Moody’s maintained its sovereign rating for SA at Baa3, one rung above junk status, with a stable outlook.
The rand was unchanged a few minutes after the announcement, last trading at R11.74 to the dollar. It had strengthened earlier in the day from R11.84/$.
“The confirmation of SA's ratings reflects Moody's view that the previous weakening of SA's institutions will gradually reverse under a more transparent and predictable policy framework. The recovery of the country's institutions will, if sustained, gradually support a corresponding recovery in its economy, along with a stabilisation of fiscal strength,” Moody’s said.
Moody’s is the only one of three major ratings agencies that has SA’s foreign currency and rand-denominated debt at investment grade.
A downgrade would have led to SA’s expulsion from the Citi world government bond index and projected outflows of R100bn.

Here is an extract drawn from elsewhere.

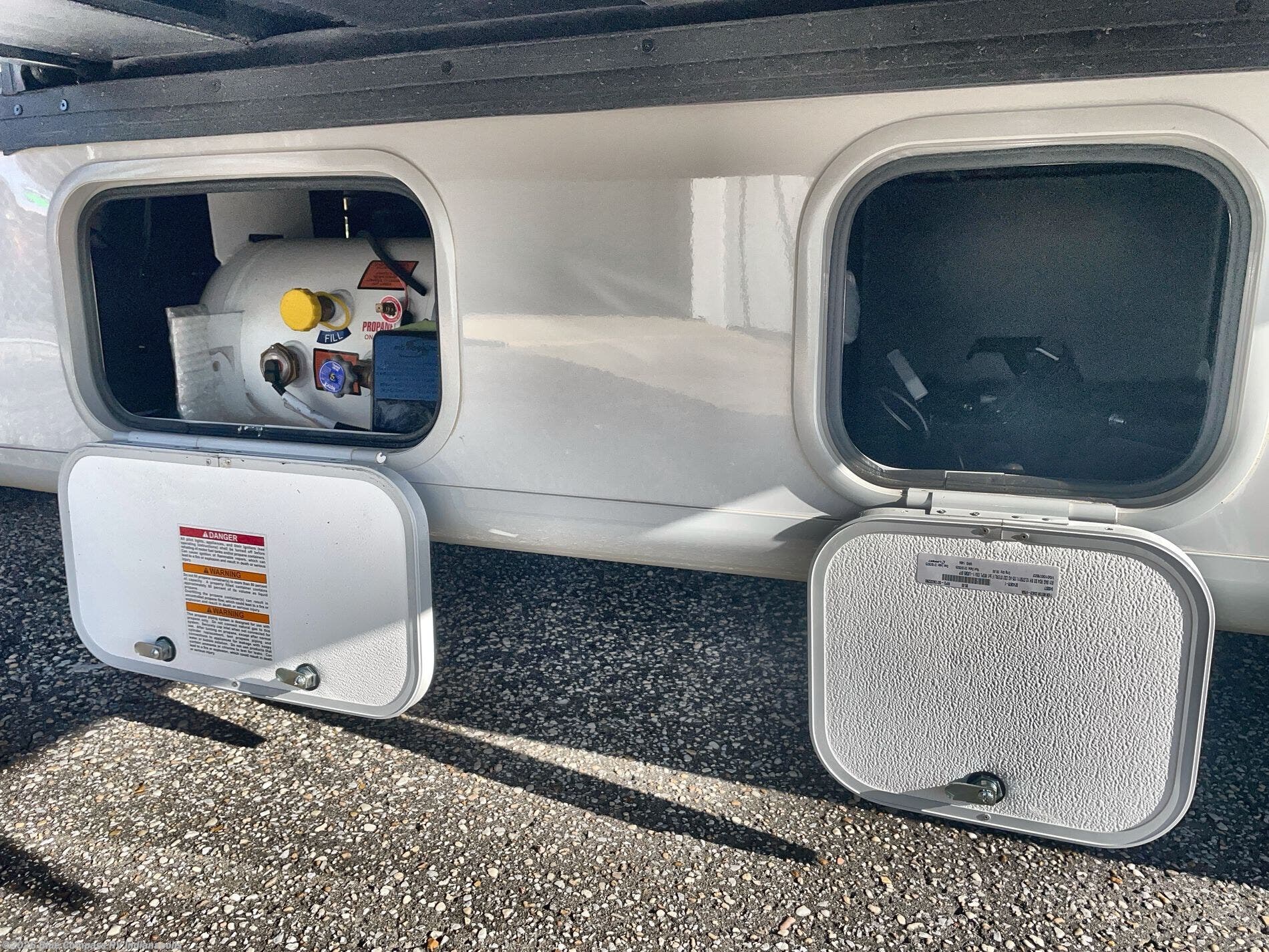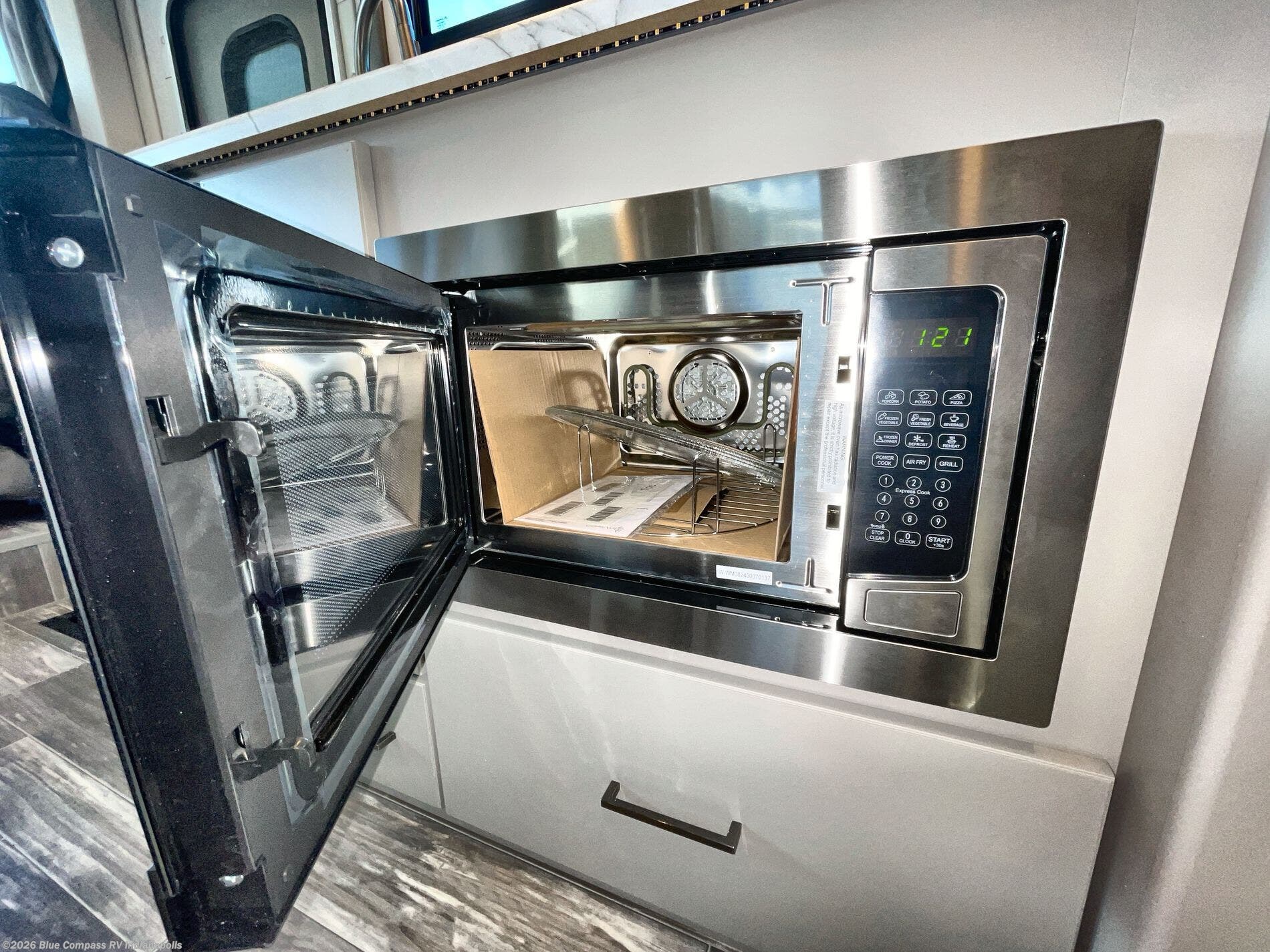 Since this coach features twin beds with a king bed conversion, you can travel with your friend or honey! Along with the versatile sleeping arrangements, you'll also enjoy the bedroom 32" LED Smart TV, and if you have any guests, they can sleep on the 66" sofa bed in the main living room. A full kitchen includes a two burner gas cooktop and convection microwave with an air fryer, along with a 12V DC double door refrigerator for food storage. There is a removable pedestal table in front of the sofa that will provide a place to dine together, or you can take your plate outdoors to relax under the power awning with LED lighting. The full bath with a 27" x 27" radius shower will let you freshen up each day, and the closet right across the hall will be perfect for clean clothes!

In November, SA received a reprieve from Moody’s when the credit rating agency placed the country ratings on review for a downgrade.
The decision to place the rating on review was prompted by SA’s economic and fiscal challenges including weak growth prospects, material budgetary revenue shortfalls and increased spending pressures.
The review left room for Moody’s to assess the government’s willingness and ability to respond to these rising pressures.
Moody’s is expected to announce its next decision on October 12, giving President Cyril Ramaphosa ample opportunity to get down to business.
SA has made strides since then, including the election of Ramaphosa, a renewed commitment to fiscal consolidation, and a Cabinet reshuffle that included the return of Finance Minister Nhlanhla Nene and the removal of several ministers whose responsibilities included institutions implicated in state capture, or who were linked to the Gupta family.
Moody’s said the stable outlook reflected a careful balance of risks. “The new administration faces equally significant opportunities and challenges. Steady progress in meeting the objectives set out in the President's recent state of the nation address will be needed if the recovery in confidence that will be essential for the country's economic and fiscal prospects is to be sustained.”
National Treasury welcomed the decision by Moody’s but said it fully recognised Moody’s assessment of challenges and opportunities the country faces in the immediate to long-term.
“To improve SA’s investment and economic prospects, the government continues to work diligently on practical steps to provide the necessary policy certainty such as the finalisation of mining legislation,” Treasury said.
Economic growth accelerated for the first time in four years in 2017, and Nene expects growth forecasts to be revised upwards.
Gross domestic product (GDP) increased by 1.5% in the fourth quarter of 2017 compared with a year earlier. For the year as a whole, economic growth came in at 1.3%, beating Treasury’s forecast of 1%.
Despite the narrow miss, analysts are in agreement that a lot more still needs to be seen in terms of growth, policy certainty and a commitment to fiscal consolidation.
Moody’s is expected to announce its next decision on October 12, giving Ramaphosa ample opportunity to get down to business.